Hyperparameters, on the other hand, are parameters of a learning algorithm and not the model itself. The number of hidden layers and the number of nodes are some of the examples of hyperparameters you can set for a neural network. The difference between model parameters and hyperparameters is that model parameters are learned during the training process, whereas hyperparameters are set prior to the training and remain constant during the training process.

Pain points

SageMaker automatic model tuning, also called hyperparameter tuning, runs many training jobs on your dataset using a range of hyperparameters that you specify. It can accelerate your productivity by trying many variations of a model. It looks for the best model automatically by focusing on the most promising combinations of hyperparameter values within the ranges that you specify. However, to get good results, you must choose the right ranges to explore.

But how do you know what the right range is to begin with? With hyperparameter tuning jobs, we are assuming that the optimal set of hyperparameters lies within the range that we specified. What happens if the chosen range is not right, and the optimal hyperparameter actually falls outside of the range?

Choosing the right hyperparameters requires experience with the ML technique you are using and understanding how its hyperparameters behave. It’s important to understand the hyperparameter implications because every hyperparameter that you choose to tune has the potential to increase the number of trials required for a successful tuning job. You need to strike an optimal trade-off between resources allocated to the tuning job and achieving the goals you’ve set.
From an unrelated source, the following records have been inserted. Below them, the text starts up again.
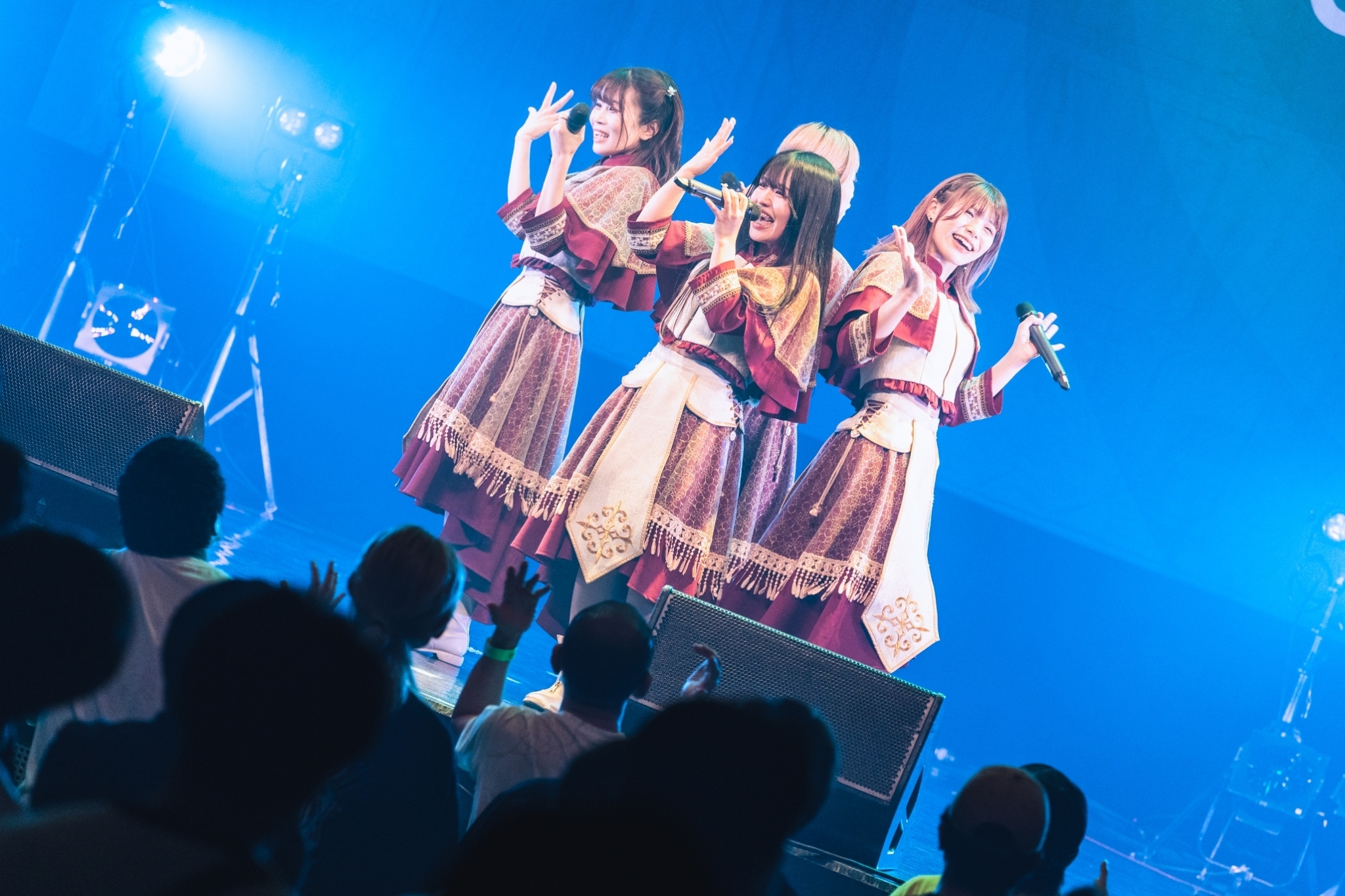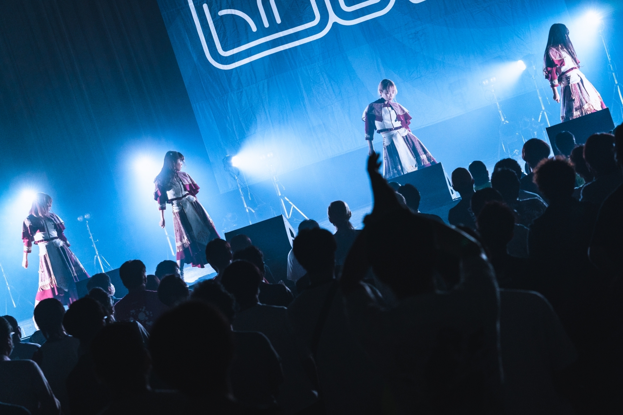 何よりKolokolは楽曲のクオリティが圧倒的に高く、それを特徴のある4人のボーカルがカラフルに彩る。「Rascal」では2階席の観客が一斉に後方のスペースに躍り出て振りコピを始めた。もちろん、ソーシャルディスタンスをしっかり意識しながら。そして、凱歌のように華々しい「Fanfare」まで30分の中でしっかりストーリーを作り上げ、巧みなステージ運びでエンディングを迎えた。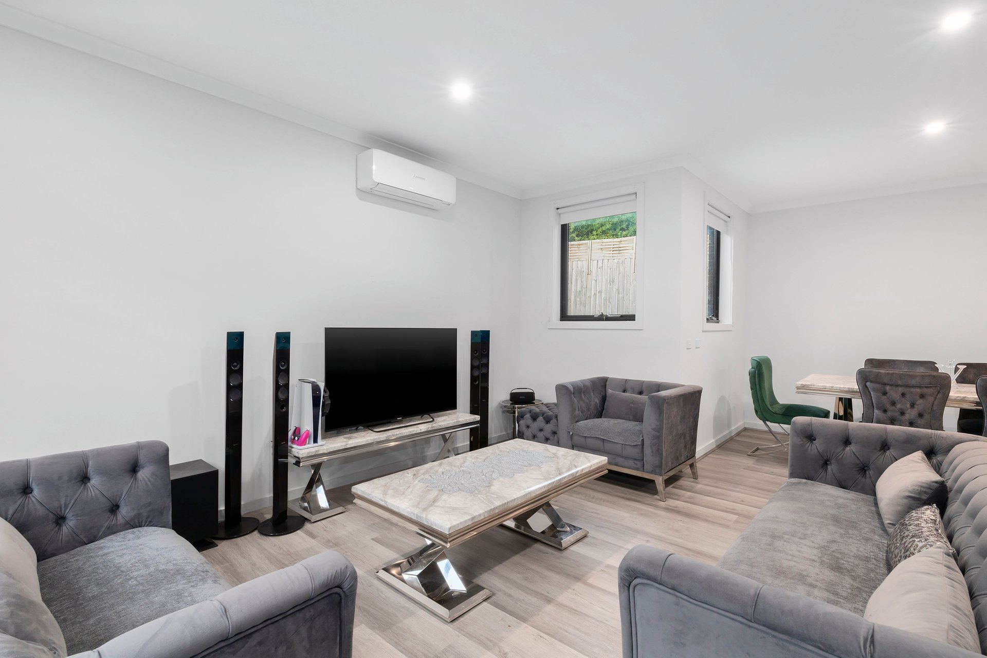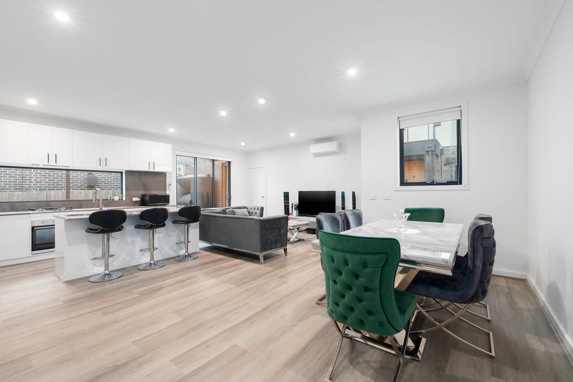 Featuring three generous bedrooms, two sleek bathrooms, and a remote double garage, the home is filled with natural light and smart design. The open-plan living and dining area is complemented by a well-appointed kitchen with quality appliances and ample storage, while split system heating and cooling throughout ensures year-round comfort.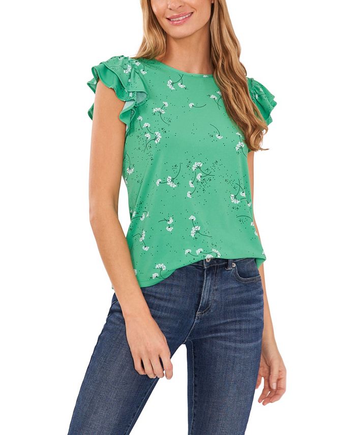 Feminine flutter sleeves and a floral cascade print lend charm to this top from CeCe, the ideal chic addition to a well-rounded closet.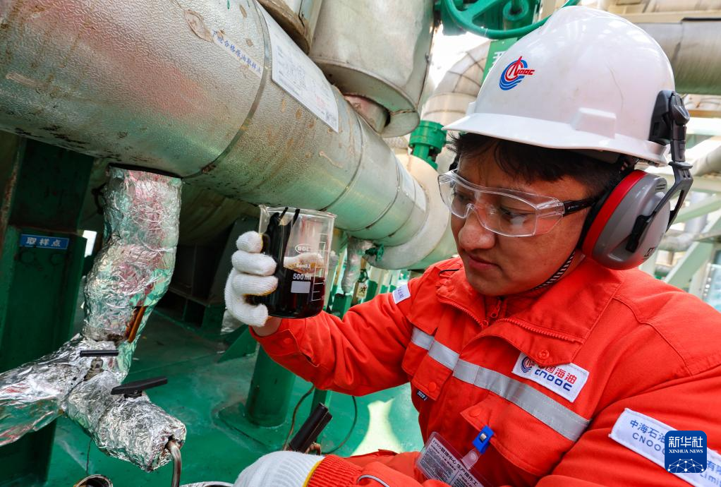 强巴在秦皇岛32-6油田“渤海世纪号”(FPSO)16万吨级浮式生产储油装置上检查原油油样(3月7日摄)。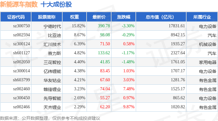 新能源车(399417)指数十大成份股详情如下: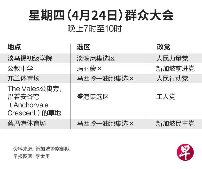 人民行动党、工人党等政党星期四(4月24日)晚上,将分别举行五场群众大会。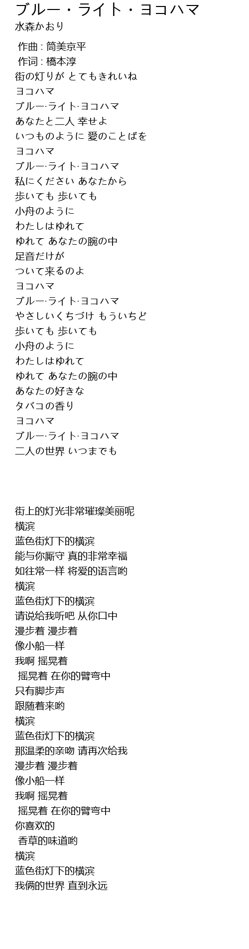 | [00:46.82] | ブルー·ライト·ヨコハマ |

The SageMaker Automatic Model Tuning team is constantly innovating on behalf of our customers to optimize their ML workloads. AWS recently announced support of new completion criteria for hyperparameter optimization: the max runtime criteria, which is a budget control completion criteria that can be used to bound cost and runtime. Desired target metrics, improvement monitoring, and convergence detection monitors the performance of the model and assists with early stopping if the models don’t improve after a defined number of training jobs. Autotune is a new feature of automatic model tuning that helps save you time and reduce wasted resources on finding optimal hyperparameter ranges.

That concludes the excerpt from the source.